In the validation study, the MSKCC investigators first reanalyzed 47 samples that were previously profiled with FoundationOne, in which 169 alterations were initially identified in 55 genes common to both assays. Comparing results of the Heme test against the original FoundationOne results, the concordance between the two was 99.4 percent, the authors wrote.

The group also performed an experiment using pooled cell lines with known genomic rearrangements to create mixtures representing a range of clinically relevant tumor fractions, and compared the genomic rearrangements detected in the pooled samples relative to the initial constituent cell lines.

According to the authors, FoundationOne Heme’s sensitivity for fusion detection at 20 to 100 percent tumor fraction was 100 percent, and it remained 98 percent sensitive even down to a 10 percent tumor fraction. There were also only a few false-positive calls, yielding a positive predictive value of more than 98 percent.

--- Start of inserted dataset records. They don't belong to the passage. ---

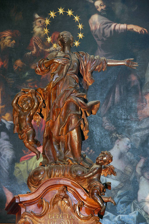 - NOTIZIE STORICO CRITICHE Il gruppo scultoreo, che raffigura la "Madonna Immacolata" attorniata da angeli, è tradizionalmente attribuito allo scultore d'origine austriaca Giovanni Antonio Sanz, come le altre due statue che ornano il coronamento della bussola (Pinetti, 1931, p. 87; Zanchi, 2003, p. 387).\nL'opera è stata restaurata nel 1998 (cfr. "Relazione tecnica del restauro delle bussole poste sul lato nord della Basilica di Santa Maria Maggiore in Bergamo", 6 luglio 1998, prot. 2593, cat. 5, class. 6, fasc. 17, Archivio Congregazione Misericordia Maggiore, Bergamo).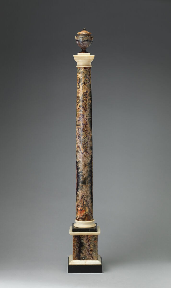 Blue John, also known as Derbyshire Spar, is a rare semi-precious mineral, which can be found only in Britain, primarily in Derbyshire. This neo-classical urn and columns are highly evocative of eighteenth-century British taste for hardstones fashioned into classical forms.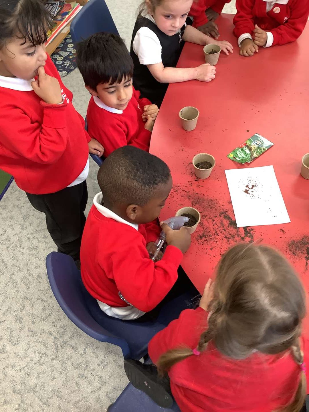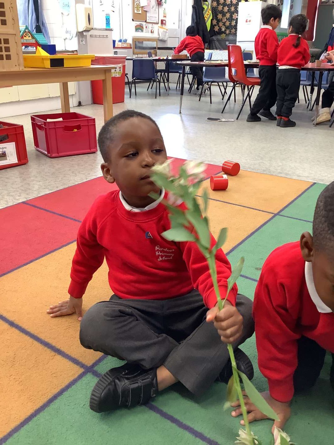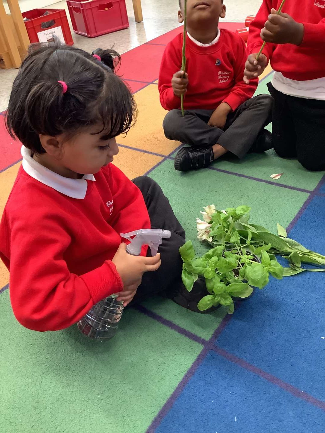 As we welcome the start of the Summer Term, in Nursery we have started our new unit of work – ‘Living and Growing.’ For our entry point we planted some cress and spring onion seeds and are looking forward to helping them grow over the next few weeks. We looked at how plants grow and have understood that we need to give them light and water. In our Science lesson we also looked at different plants / flowers so we could see the different parts of them.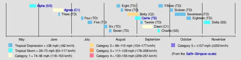 Tropical cyclogenesis first occurred in the month of May, with the development of Subtropical Storm Alpha. The month of June featured three tropical cyclones, including Hurricane Agnes and two tropical depressions. Three more systems formed in July, though all of them failed to reach tropical storm status. August was the most active month of the season, with five systems, including Hurricane Betty, Tropical Storm Carrie, and three tropical depressions. September featured slightly less cyclogenesis, with Hurricane Dawn, Subtropical Storm Charlie, and two tropical depressions. An additional three tropical depressions formed in October. Subtropical Storm Delta was the sole system in November, lasting from November 1 to November 7.[5]

In addition to this comparison, the MSKCC researchers performed blinded comparisons with CLIA-certified diagnostic assays, including a Sequenom assay, RT-PCR, FISH, and PCR fragment analysis for 76 clinical specimens.

These specimens had been previously tested for 214 clinically relevant alterations in 11 genes that are known and routinely tested in clinical practice in hematologic cancers including AML, ALL, and MDS. In this comparison the overall concordance between FoundationOne Heme and these other assays was 99 percent.

More specifically, of 101 genomic alterations identified by the Sequenom assay or by PCR fragment analysis, 100 were also called by FoundationOne Heme.

Meanwhile, amongst the negative genomic alterations reported previously using the other assays, FoundationOne Heme confirmed 111 negative calls and identified two additional IDH2 R140Q mutations that were not detected by the reference methods. These two IDH2 alterations were later confirmed in an independent validation using the Ion Torrent AmpliSeq platform.

In addition to the concordance analysis, genomic profiling of the 76 test samples using FoundationOne Heme also identified 126 additional somatic alterations including clinically relevant genomic alterations in KRAS, TET2, EZH2, and DNMT3A.

To my knowledge, beyond validation, there are no confirming study of this test’s performance and no guidelines that recommend it.